* **What is expected**:
Would you return the lines that run from the start of the data below to the line with "KOSTEN: Die monatliche", both included, exactly as written and without pictures?

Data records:
____________________

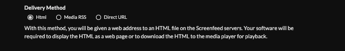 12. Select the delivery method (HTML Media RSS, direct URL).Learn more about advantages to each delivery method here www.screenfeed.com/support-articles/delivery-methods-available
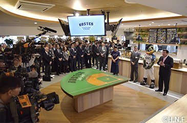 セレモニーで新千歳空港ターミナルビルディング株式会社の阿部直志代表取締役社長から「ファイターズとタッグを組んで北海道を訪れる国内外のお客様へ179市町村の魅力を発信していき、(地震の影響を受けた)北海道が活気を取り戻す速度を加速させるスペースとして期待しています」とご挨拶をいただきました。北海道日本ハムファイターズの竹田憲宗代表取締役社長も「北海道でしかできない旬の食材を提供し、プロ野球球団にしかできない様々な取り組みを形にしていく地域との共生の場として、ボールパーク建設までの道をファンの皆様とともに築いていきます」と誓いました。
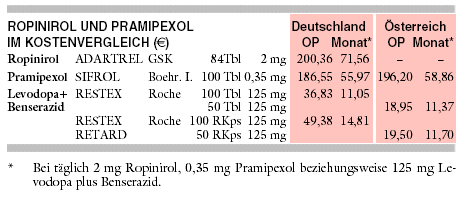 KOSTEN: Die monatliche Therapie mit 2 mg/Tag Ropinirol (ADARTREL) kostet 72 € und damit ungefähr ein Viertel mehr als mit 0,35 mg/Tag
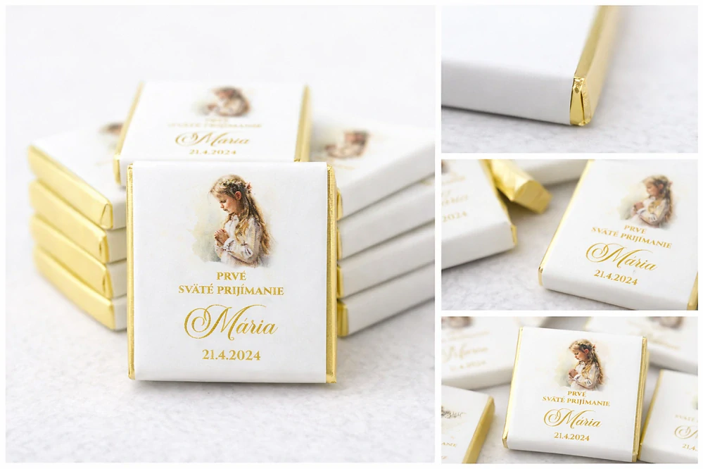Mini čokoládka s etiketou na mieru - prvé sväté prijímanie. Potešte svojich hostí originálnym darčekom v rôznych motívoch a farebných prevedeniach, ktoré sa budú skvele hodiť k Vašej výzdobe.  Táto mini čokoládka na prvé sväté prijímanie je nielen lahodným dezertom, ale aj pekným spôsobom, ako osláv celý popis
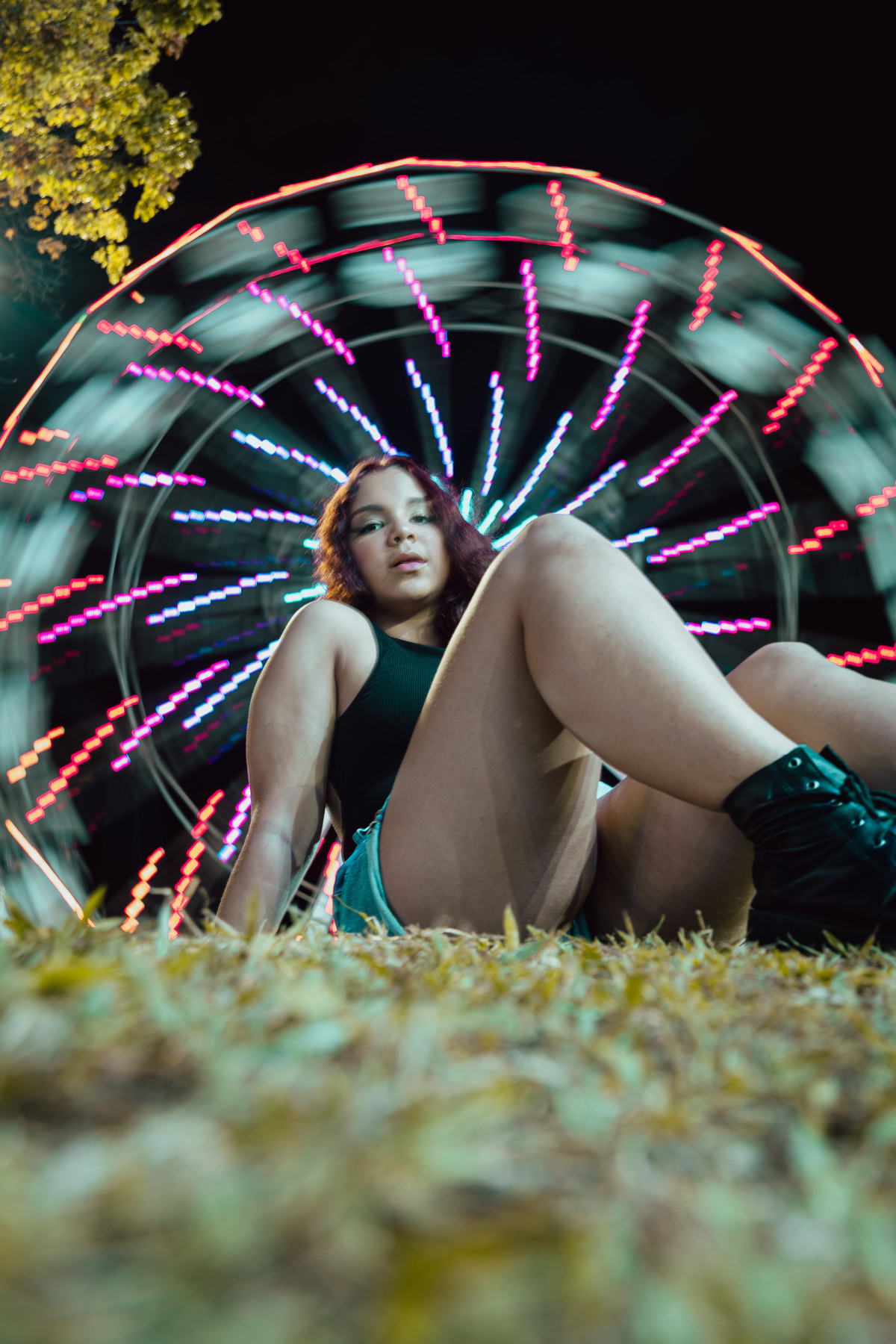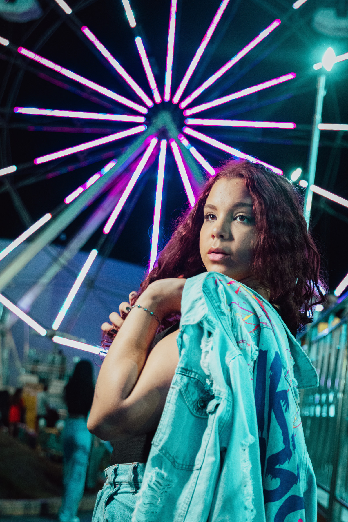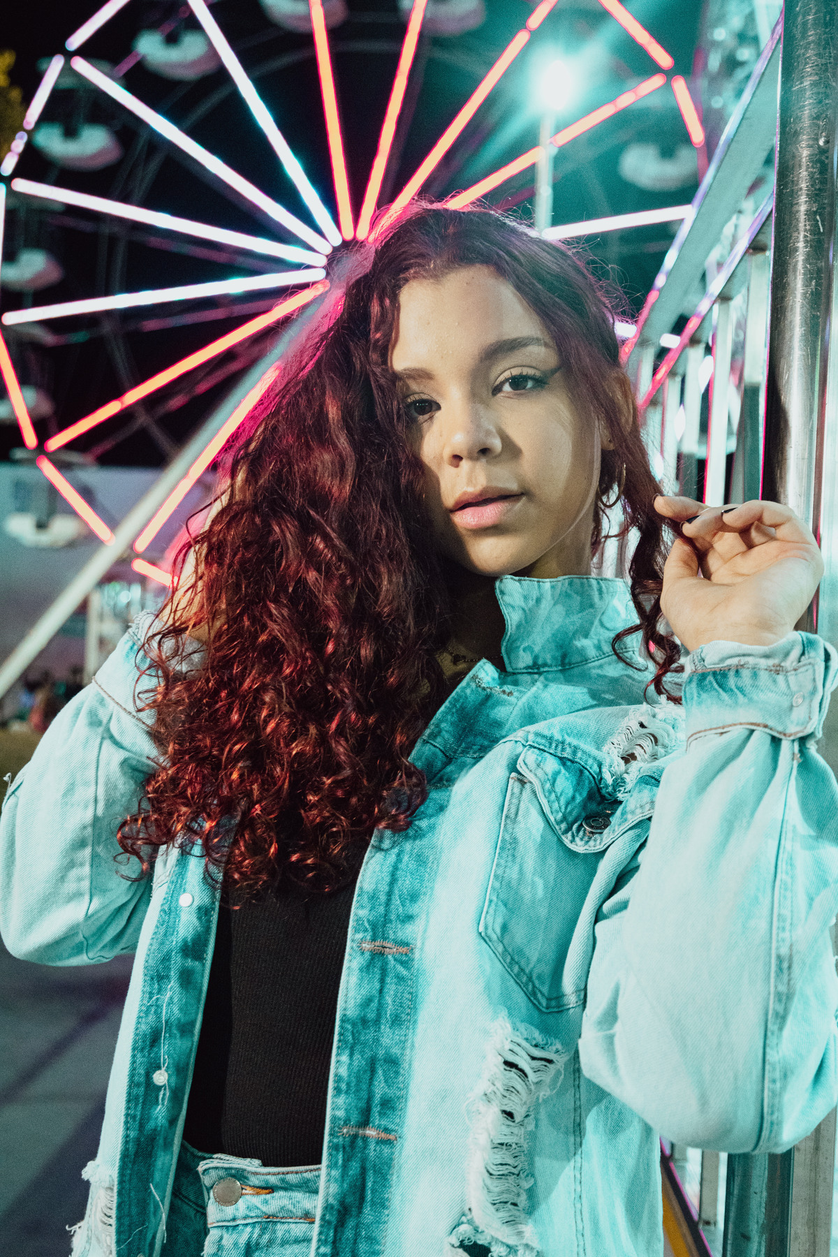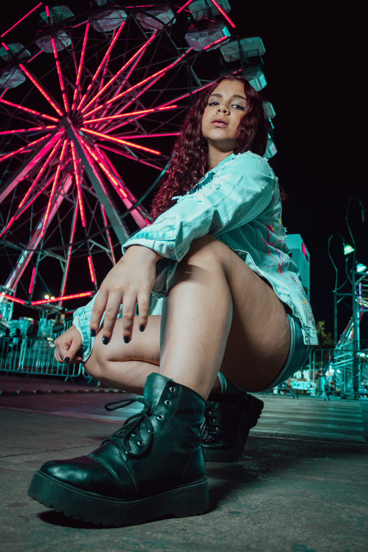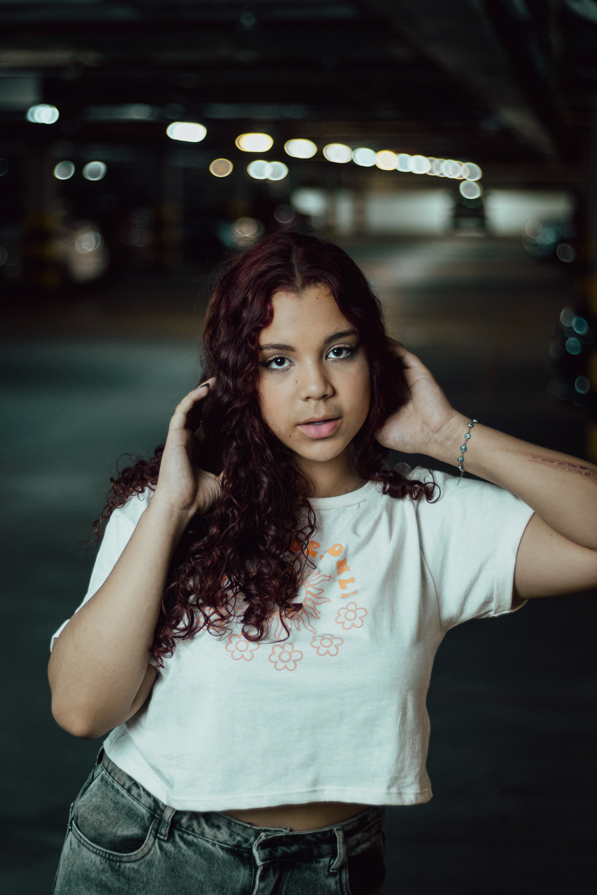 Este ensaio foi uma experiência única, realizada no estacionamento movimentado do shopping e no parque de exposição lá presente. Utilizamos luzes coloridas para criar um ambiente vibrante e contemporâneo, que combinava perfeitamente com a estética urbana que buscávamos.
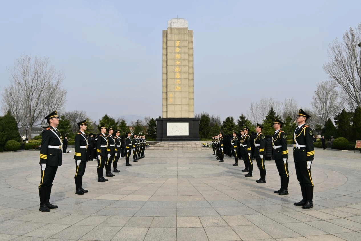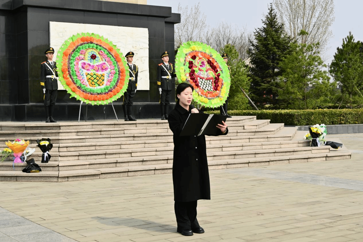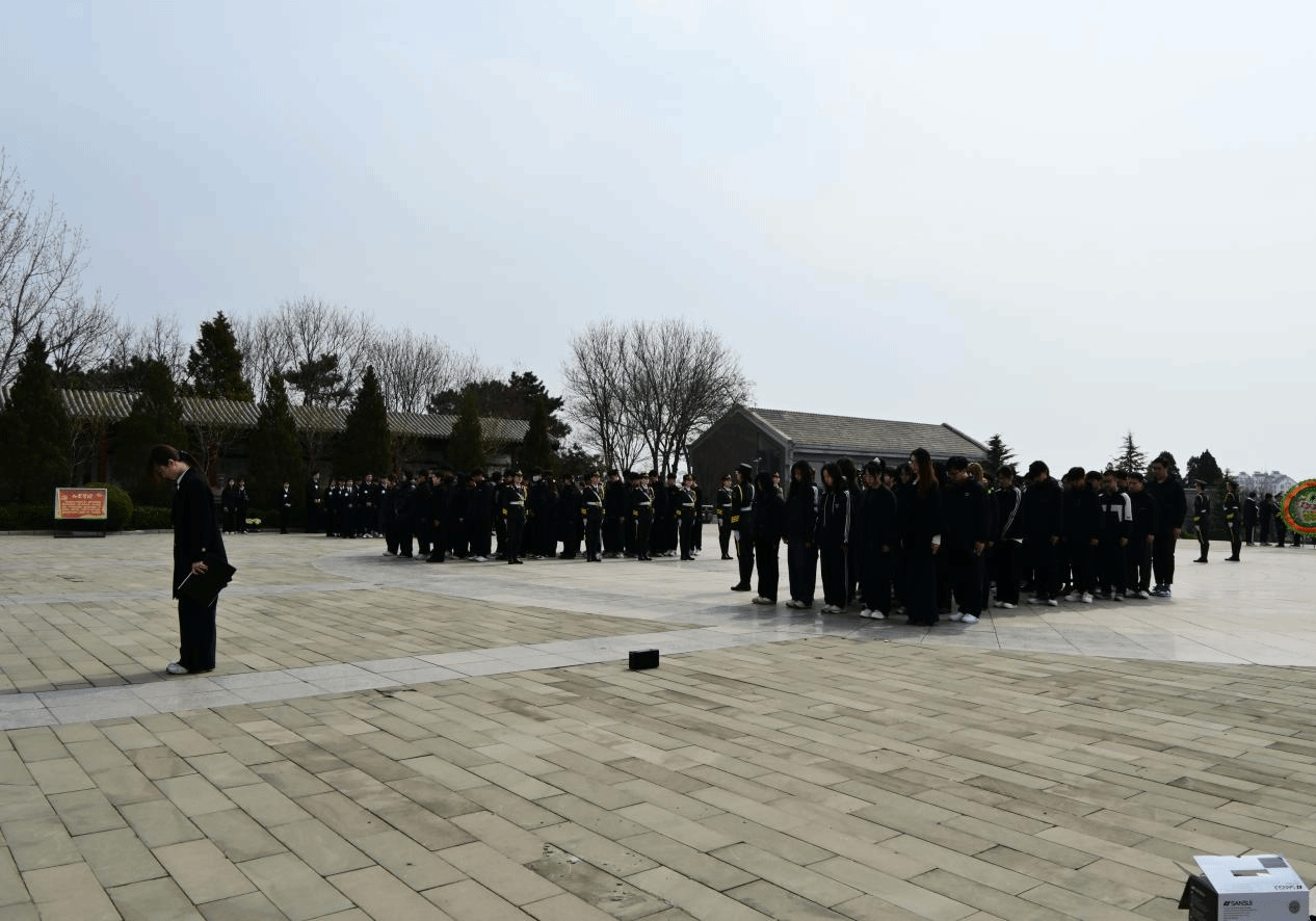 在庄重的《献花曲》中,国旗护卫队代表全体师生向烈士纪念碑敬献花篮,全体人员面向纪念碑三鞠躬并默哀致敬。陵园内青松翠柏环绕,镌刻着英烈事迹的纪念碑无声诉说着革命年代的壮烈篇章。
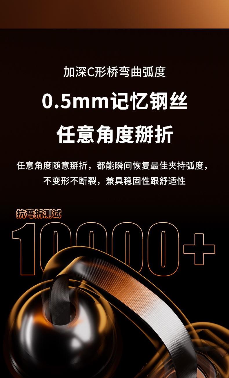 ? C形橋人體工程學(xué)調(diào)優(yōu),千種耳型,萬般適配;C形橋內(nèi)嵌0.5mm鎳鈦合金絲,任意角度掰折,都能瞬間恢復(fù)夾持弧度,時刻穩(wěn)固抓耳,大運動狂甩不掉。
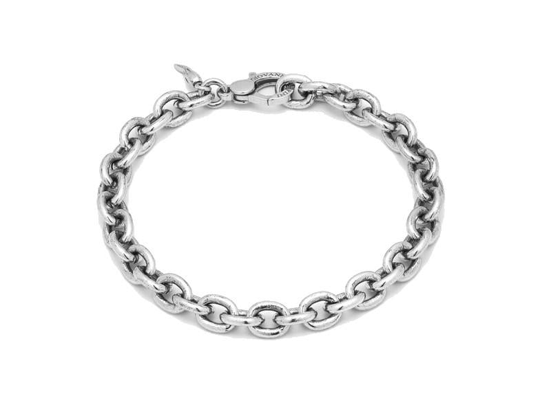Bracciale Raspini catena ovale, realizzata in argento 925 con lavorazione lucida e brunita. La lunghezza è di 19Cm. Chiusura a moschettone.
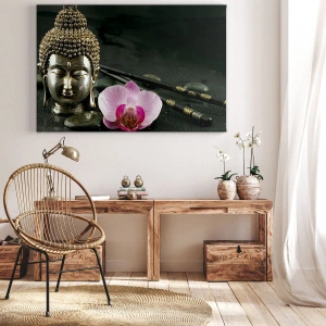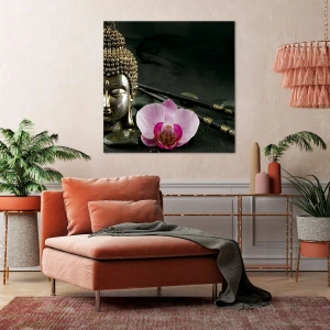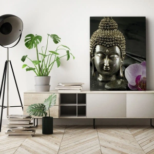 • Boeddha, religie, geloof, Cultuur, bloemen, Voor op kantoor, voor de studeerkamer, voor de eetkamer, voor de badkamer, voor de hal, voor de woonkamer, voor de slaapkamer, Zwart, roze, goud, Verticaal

____________________

* **Result of this exercise**:
 12. Select the delivery method (HTML Media RSS, direct URL).Learn more about advantages to each delivery method here www.screenfeed.com/support-articles/delivery-methods-available
 セレモニーで新千歳空港ターミナルビルディング株式会社の阿部直志代表取締役社長から「ファイターズとタッグを組んで北海道を訪れる国内外のお客様へ179市町村の魅力を発信していき、(地震の影響を受けた)北海道が活気を取り戻す速度を加速させるスペースとして期待しています」とご挨拶をいただきました。北海道日本ハムファイターズの竹田憲宗代表取締役社長も「北海道でしかできない旬の食材を提供し、プロ野球球団にしかできない様々な取り組みを形にしていく地域との共生の場として、ボールパーク建設までの道をファンの皆様とともに築いていきます」と誓いました。
 KOSTEN: Die monatliche Therapie mit 2 mg/Tag Ropinirol (ADARTREL) kostet 72 € und damit ungefähr ein Viertel mehr als mit 0,35 mg/Tag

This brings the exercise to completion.